It's partly because of mans confidence/arrogance and partly because so far we've managed to avoid major disaster because of prevention, so the standard response is simply "Oh we fixed it before, we'll do it again".

But if we don't fix it then all hell will break loose, see my post above for a possible scenario that could very well happen if we don't protect against it.

One fix we can do is push an update that resets to the 32bit integer to start from a much later time, so instead of resetting to 1/1/1901 it could set it to 2001 and count up from there while keeping the current date, and that would give us roughly another 100 years or so to completely replace every machine this affects. If you're a bit confused by my poor explanation it's basically this.

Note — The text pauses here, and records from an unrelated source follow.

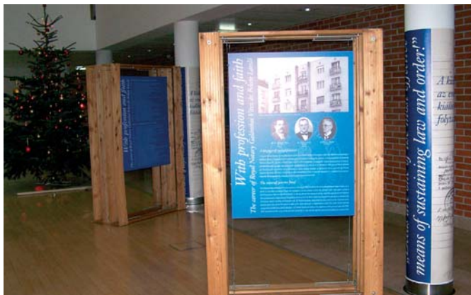
A tárlat földszinti része – Karácsony előtt

vényhatósági bizottságának (mai megfelelője a fővárosi önkormányzat közgyűlése – a szerk.).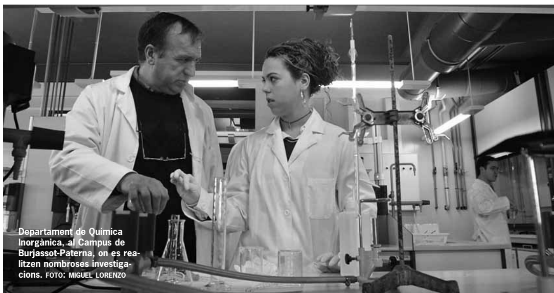
Departament de Química Inorgànica, al Campus de Burjassot-Paterna, on es realitzen nombroses investigacions.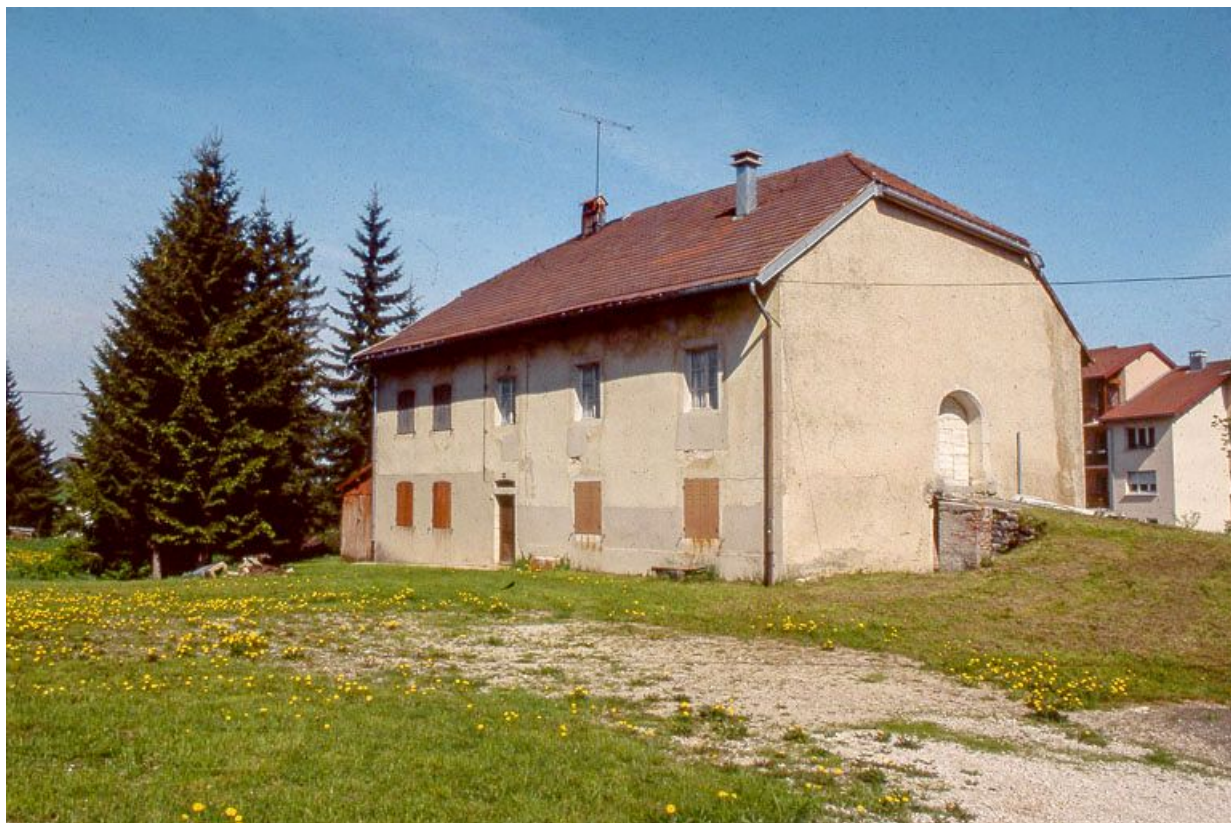
Façade antérieure et face droite.

Currently the 32bit integer starts at 10000000 00000000 00000000 00000000 which to the computer equates to 1/1/1901 and would count up to 31/12/2038 and then reset to 1/1/1901, if we set that same binary number to equal 1/1/2001, and leave it to continue counting with the current date it wouldn't reset until around 31/12/3038, but that might not work for all systems and could break the software being run. (I hope you get it, I know what I mean, but I don't know if I explained it correctly)

 

If this can actually be done, then that is awesome. I actually understood this, which is impressive. Good job, good sir.

[patrickjp93]

For those arguing about bit-width and counting systems, here is some perspective. The maximum positive number you can represent with 32 bits is (2^32)= 4294967295 (because 0 is one of the represented numbers). 

This number happens to be the number of bytes a 32-bit system can address in RAM (Intel uses some address extensions in the 32-bit architectures in order to mitigate this).

This happens to be the number of bytes in 4 GiB (Gibibytes), the amount of memory in a 4GB RAM stick.

64-bit machines have (2^64) addresses. This happens to be 18,446,744,073,709,551,616 bytes. 18 exbibytes!

We will not be addressing this much RAM for at least a decade even in the largest supercomputers. There is absolutely no point in 128-bit computers.

[beefalo]

It's partly because of mans confidence/arrogance and partly because so far we've managed to avoid major disaster because of prevention, so the standard response is simply "Oh we fixed it before, we'll do it again".

But if we don't fix it then all hell will break loose, see my post above for a possible scenario that could very well happen if we don't protect against it.

One fix we can do is push an update that resets to the 32bit integer to start from a much later time, so instead of resetting to 1/1/1901 it could set it to 2001 and count up from there while keeping the current date, and that would give us roughly another 100 years or so to completely replace every machine this affects. If you're a bit confused by my poor explanation it's basically this.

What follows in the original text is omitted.